Danach saßen wir lange Zeit einfach eng aneinander gekuschelt auf diesem schwebenden Bett und sahen zu wie die Sonne unterging. Es war wundervoll. Den tollsten Mann dieses Universums in meinem Rücken und eines der schönsten Naturschauspiele vor mir. Daran könnte ich mich gewöhnen. Als mir irgendwann fast die Augen zufielen, hob Adrien mich hoch und trug mich ins Bett. Sein Bett. Das in der letzten Zeit zu unserem geworden war. Und es störte mich nicht.
Er deckte mich zu und bevor ich mich in die Decken kuschelte küsste er mich sanft auf die Stirn. „Schlaf gut, meine kleine Talia.", flüsterte er an meinem Ohr und kurz darauf wurde das Licht im Zimmer gelöscht.
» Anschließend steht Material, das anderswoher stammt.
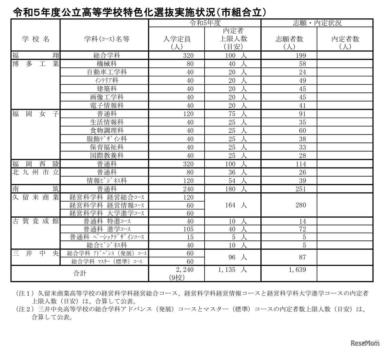 画像出典:福岡県 2023年度(令和5年度)公立高等学校特色化選抜実施状況(市組合立)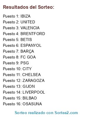 Lista de participantes: CHELSEA, BARÇA, MADRID, GOA, ZARAGOZA, LIBRE1, LIBRE2, LIBRE3, LIBRE4, LIVERPOOL, BAYERN, ESPANYOL, IBIZA, UNITED, ATHLETIC, BRENTFORD.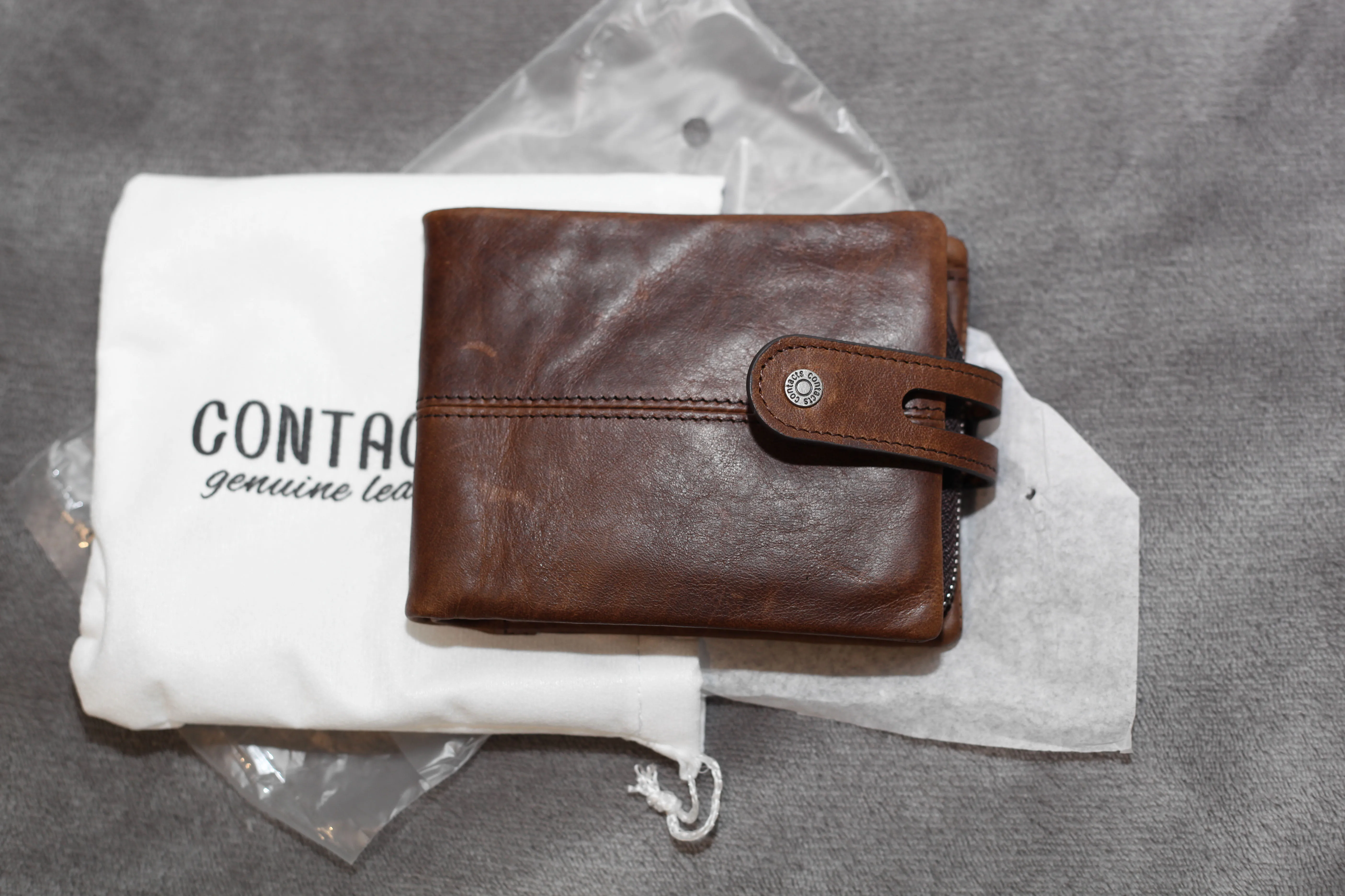 Мужской кошелек CONTACT'S, повседневный короткий кошелек из коровьей кожи, клатч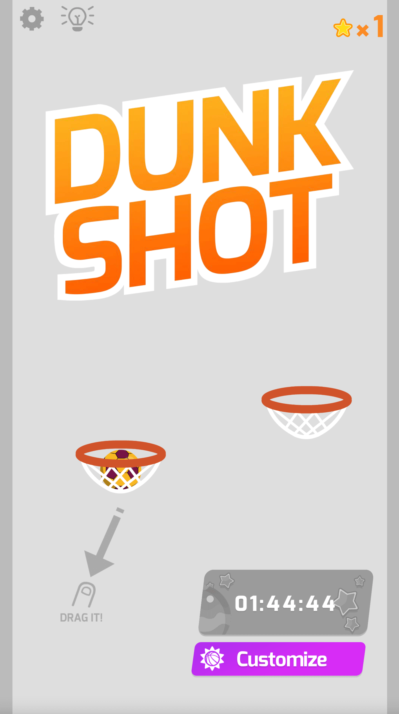 Dunk Shot Basketball is a popular basketball game that can be played on mobile devices. The game involves shooting a basketball into a hoop that moves up and down the screen, with the aim of getting as many baskets as possible within a set time limit. Collect stars to buy more balls..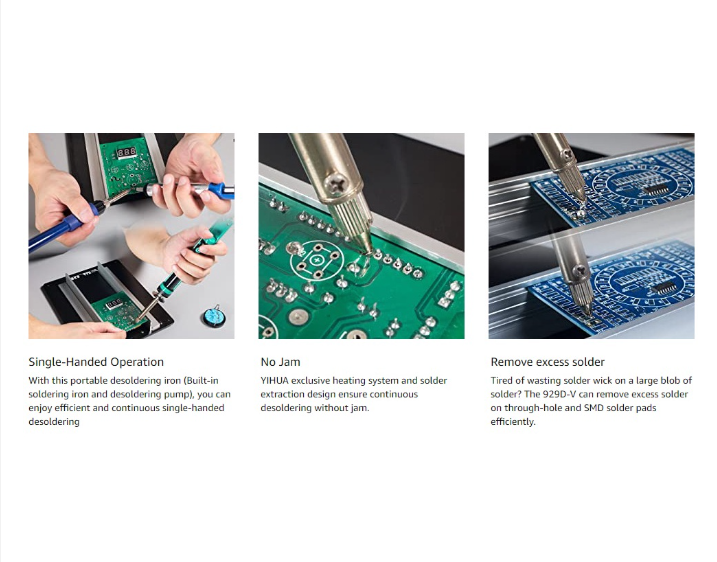 YIHUA 929D-V -ปากกาดูดตะกั่วต่อปลั๊กไฟบ้าน 220V หัว US PLUG คุณสมบัติ - ละลายก้อนตะกั่วได้ - ดูดหัวตะกั่วสูงสุดขนาด 1.2 มม. - สามารถเติมหัวตะกั่วเก่า ก่อนดูดออกได้ ราคาดีขนาดนี้ คุ้มครับ ราคายังไม่รวม vat 7% ครับ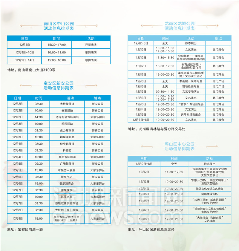 本屆公園文化周共設(shè)27個(gè)會(huì)場(chǎng),其中市屬公園設(shè)11個(gè)會(huì)場(chǎng),區(qū)屬公園設(shè)16個(gè)會(huì)場(chǎng),這也是公園文化周自舉辦以來(lái)承辦會(huì)場(chǎng)最多的一屆。其中,福田區(qū)首次參與公園文化周,該區(qū)紅樹(shù)林生態(tài)公園以及今年新開(kāi)放的香蜜公園均參與了本次活動(dòng)。此外,坪山區(qū)的聚龍山生態(tài)公園,龍華區(qū)的龍華人民廣場(chǎng)、觀瀾人民公園、龍華公園、德逸公園、勞動(dòng)者廣場(chǎng)均是首次參與“公園文化周”的承辦,讓更多市民在家旁邊就感受到公園文化和公園的建設(shè)成果。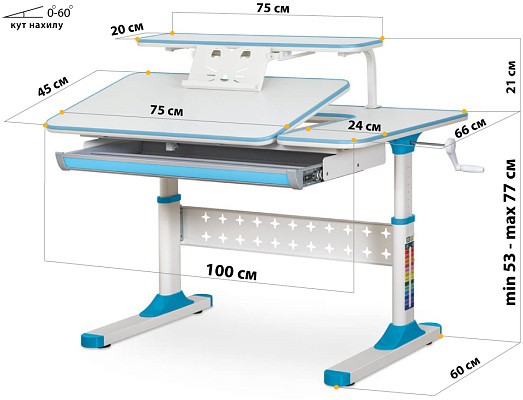 Столешница разделена на подвижную и не подвижную части. Подвижная часть столешницы меняет угол наклона до 60 градусов. Плавность регулировки обеспечивает газлифт. Для изменения положения столешницы достаточно мягко нажать на рычажок и потянуть на себя. Для безопасности регулировки детьми на столешнице предусмотрен зазор, чтобы не прищемить пальцы. Благодаря большому диапазону угла наклона столешницу можно использовать, как мольберт.

„Frieden?", fragte ich leise bevor Adrien fast die Zimmertür hinter sich geschlossen hatte. Der ganze Raum war dunkel. Nur ein kleiner Lichtstreifen in dem seine Silhouette stand, fiel herein. Erst dachte ich er hätte mich nicht gehört, doch dann konnte ich ihn leise lachen hören.
„Frieden.", wiederholte er und verließ das Zimmer.